== Task to carry out ==
Print nothing except the line holding "最大切断径32mmの枝を楽々" and the lines that come after it in the material below, and leave the pictures out.

== Study material ==
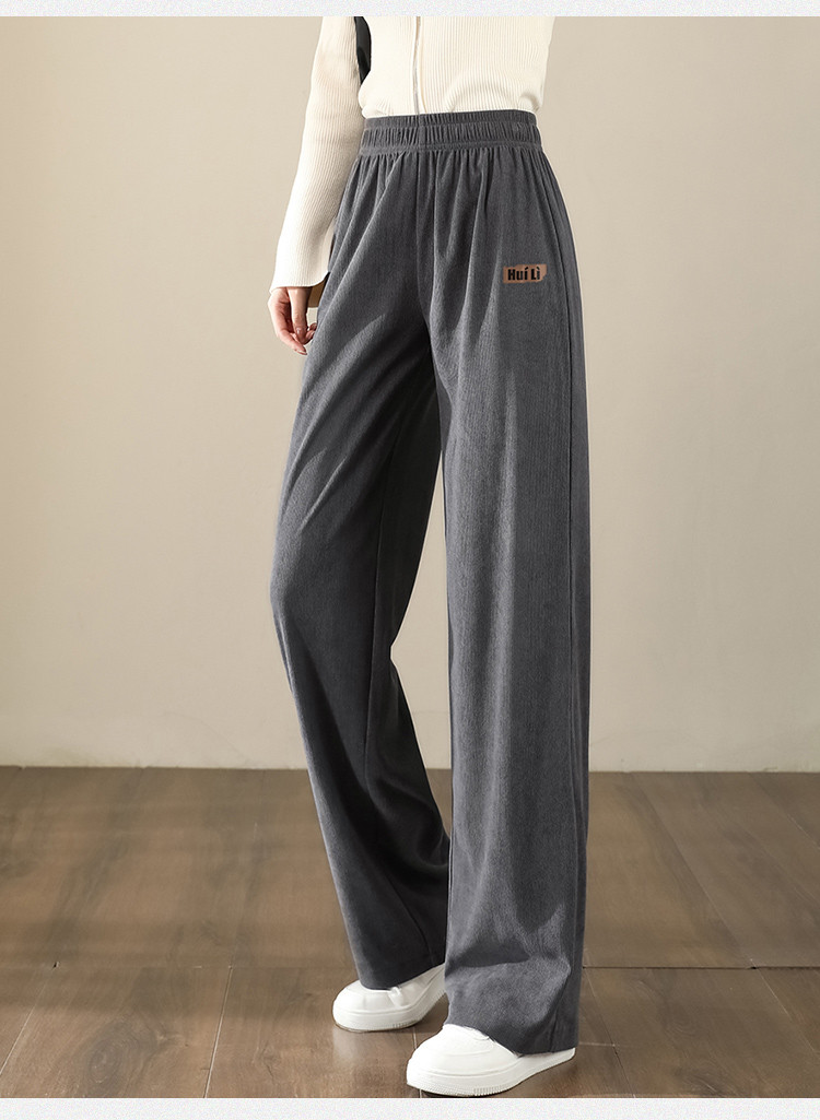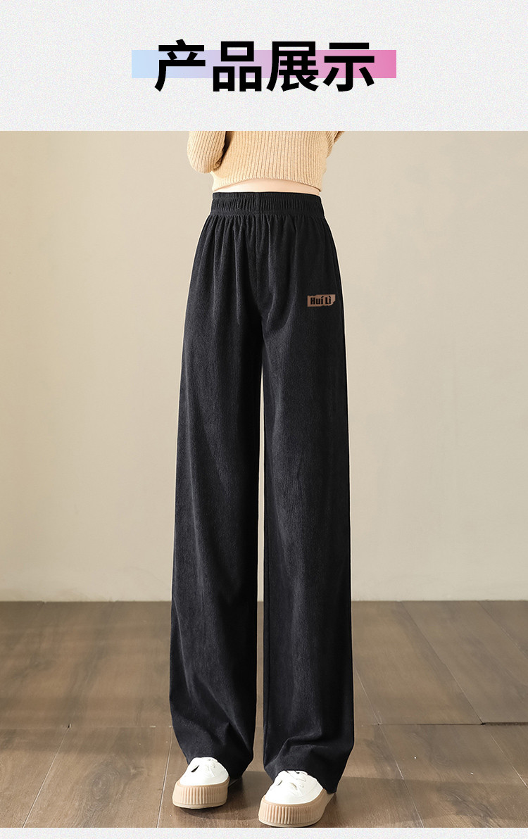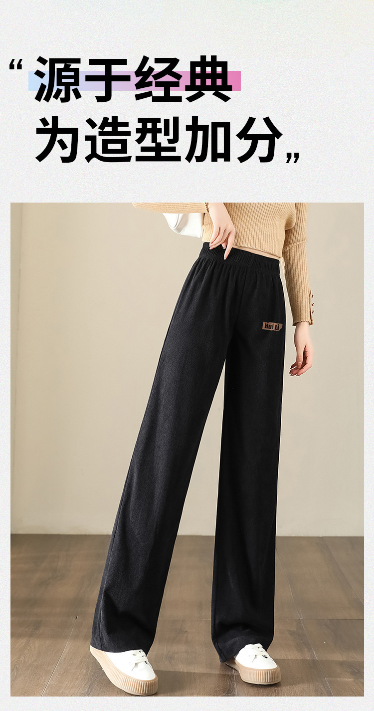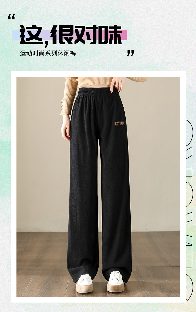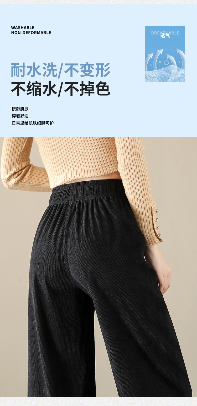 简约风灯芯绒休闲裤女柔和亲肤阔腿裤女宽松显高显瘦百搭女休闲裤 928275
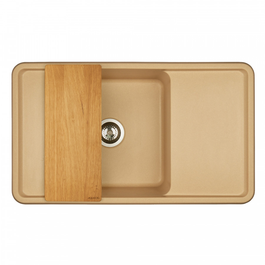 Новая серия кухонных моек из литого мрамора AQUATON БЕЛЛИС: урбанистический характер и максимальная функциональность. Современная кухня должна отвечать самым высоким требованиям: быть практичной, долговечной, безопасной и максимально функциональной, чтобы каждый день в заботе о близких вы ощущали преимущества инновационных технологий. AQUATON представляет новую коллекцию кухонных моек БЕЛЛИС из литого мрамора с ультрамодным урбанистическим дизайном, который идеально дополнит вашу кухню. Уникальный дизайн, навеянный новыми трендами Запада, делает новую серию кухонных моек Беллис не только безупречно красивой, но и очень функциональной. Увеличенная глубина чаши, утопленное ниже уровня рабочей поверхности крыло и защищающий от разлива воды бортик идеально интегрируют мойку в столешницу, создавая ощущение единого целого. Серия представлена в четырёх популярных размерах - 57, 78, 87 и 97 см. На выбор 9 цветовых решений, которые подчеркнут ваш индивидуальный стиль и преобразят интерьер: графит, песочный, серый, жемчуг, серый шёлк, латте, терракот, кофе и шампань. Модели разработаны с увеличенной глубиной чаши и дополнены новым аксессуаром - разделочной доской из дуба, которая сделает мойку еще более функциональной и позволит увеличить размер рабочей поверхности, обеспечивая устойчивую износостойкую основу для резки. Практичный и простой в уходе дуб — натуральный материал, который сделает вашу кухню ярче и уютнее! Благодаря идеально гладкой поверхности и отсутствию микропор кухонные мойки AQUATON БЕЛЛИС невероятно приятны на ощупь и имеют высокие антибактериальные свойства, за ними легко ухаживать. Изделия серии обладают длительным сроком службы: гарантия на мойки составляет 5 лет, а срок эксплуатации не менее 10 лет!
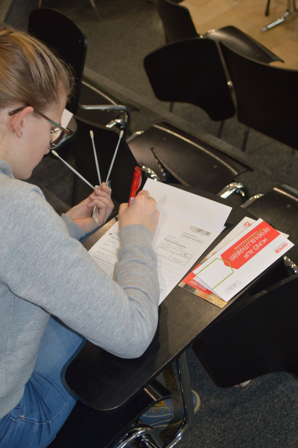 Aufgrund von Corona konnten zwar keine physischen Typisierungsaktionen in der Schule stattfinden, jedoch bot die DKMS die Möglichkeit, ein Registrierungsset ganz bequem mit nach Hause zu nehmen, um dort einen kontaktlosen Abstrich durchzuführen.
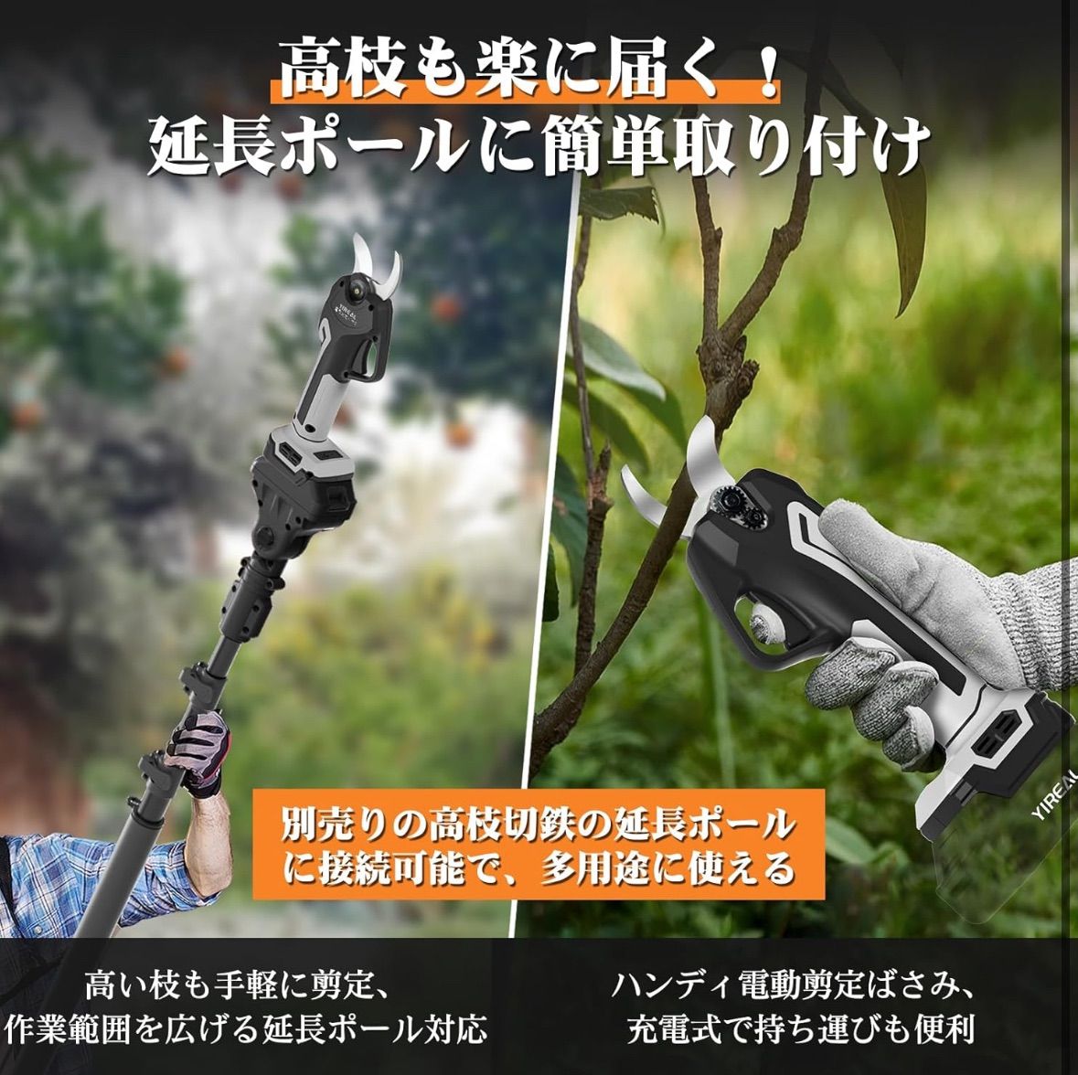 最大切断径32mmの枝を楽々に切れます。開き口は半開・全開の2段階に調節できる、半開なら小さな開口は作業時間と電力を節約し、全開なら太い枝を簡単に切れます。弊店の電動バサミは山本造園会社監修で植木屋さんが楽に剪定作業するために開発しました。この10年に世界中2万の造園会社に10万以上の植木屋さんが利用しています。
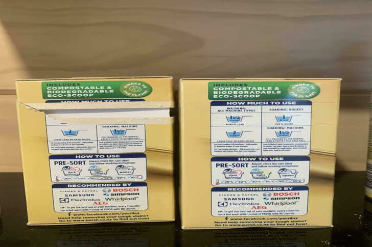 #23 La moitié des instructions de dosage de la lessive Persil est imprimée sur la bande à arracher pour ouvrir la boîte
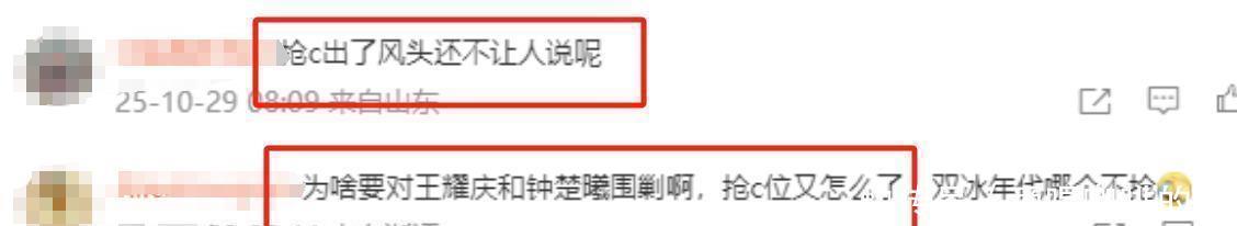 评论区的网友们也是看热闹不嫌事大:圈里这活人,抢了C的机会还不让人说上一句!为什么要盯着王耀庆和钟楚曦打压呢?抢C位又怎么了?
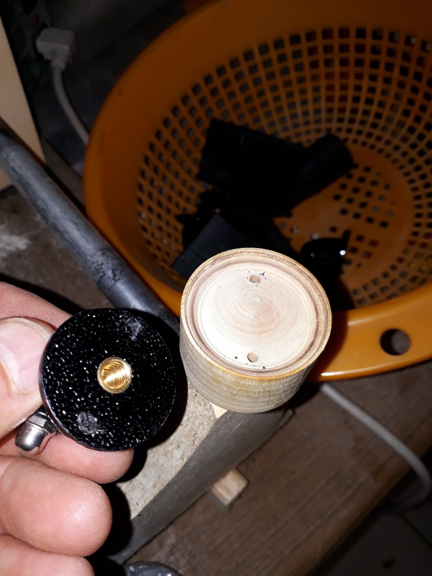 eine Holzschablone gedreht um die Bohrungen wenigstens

== Task solution ==
 最大切断径32mmの枝を楽々に切れます。開き口は半開・全開の2段階に調節できる、半開なら小さな開口は作業時間と電力を節約し、全開なら太い枝を簡単に切れます。弊店の電動バサミは山本造園会社監修で植木屋さんが楽に剪定作業するために開発しました。この10年に世界中2万の造園会社に10万以上の植木屋さんが利用しています。
 #23 La moitié des instructions de dosage de la lessive Persil est imprimée sur la bande à arracher pour ouvrir la boîte
 评论区的网友们也是看热闹不嫌事大:圈里这活人,抢了C的机会还不让人说上一句!为什么要盯着王耀庆和钟楚曦打压呢?抢C位又怎么了?
 eine Holzschablone gedreht um die Bohrungen wenigstens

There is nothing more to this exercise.